Thanks very much for your time,

-Mike
To his credit, he responds quickly, though he ignores the issue completely:
Hello Mike,
Thank you for your email. As per your request earlier this year, we have stopped crawling your website, and will continue to respect the request.
Regards,

Malik
My request had actually been submitted last year, but I decided to let that one slide. But he didn't actually address the issue he originally emailed me about, so:
Thanks Malik,

That is great news. Well, not news really, since Tim already let me know about this.

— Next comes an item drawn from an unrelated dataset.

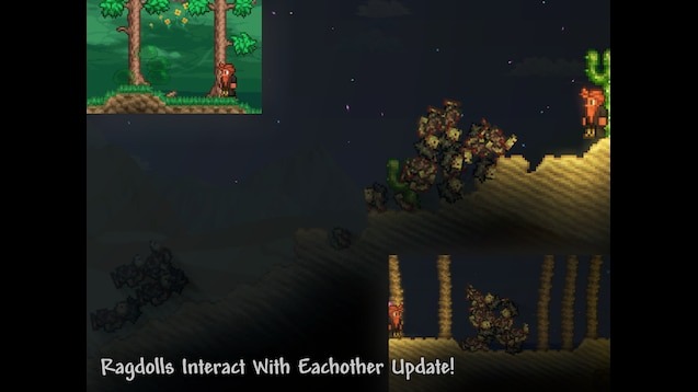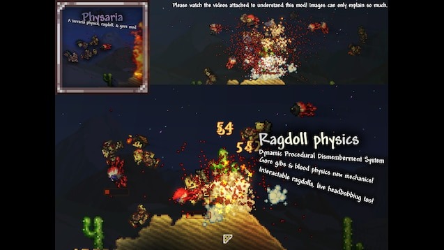 Physaria добавляет реалистичную физику смерти врагов в Terraria, превращая обычные кровавые взрывы в динамические рэгдоллы с эффектами расчленения и физически корректным поведением частиц крови. Все изменения полностью косметические и совместимы с любыми другими модами. Мод включает патчи совместимости для наиболее популярных дополнений.

I couldn't help but notice that your email specifically avoided the question that you originally emailed me about. What about the information from my website which is currently stored on your servers? Will you follow the accepted standard practice and remove it at my request?

Thanks,

-Mike
On March 14th, they quietly conceded, saying:
Hello Mike,

We will work to have your data removed from our database by the end of next week. I hope that this is acceptable to you.

Regards,
Malik
I'll be following up in a few weeks to make sure they got it done, but what an adventure it was just to get to this point! 100 days, multiple emails, a lot of persistence - just to get them to do something that Google lets me do with the click of a button. Admin Link
 comment on this page - view comments 

A guest says:
[Jun 13th @ 08:12pm]

Just another point you may like to consider. My site was well ranked by Google last year until it had a visit from turnitinbot. Pages disappeared from Google almost immediately afterwards, almost putting me out of business. Coincidence? The bot hasn't been back since - until today that is - just after I'd made Google aware of a new batch of pages! Maybe it's not just the educational sector looking for plagiarism. Draw your own conclusions.


ht says:
[Apr 17th @ 03:47pm]

Hi, i tried the same, but nobody is answering me. I even send them the checksums of my files.
iqukmn honbiuj says:
[Jun 3rd @ 12:12pm]

zrbyhapvi kvwesu ickj zpnjdhwl usvhweqm vmdkieqbj ebmi
careybagsbon says:
[Nov 19th @ 09:58am]

Greetings to all.

Prompt the best online shop on sale of Books.

refresh - add comment - hide

© 2005, Mike Smit. Contents may be hazardous to your health and sanity; use at your own risk.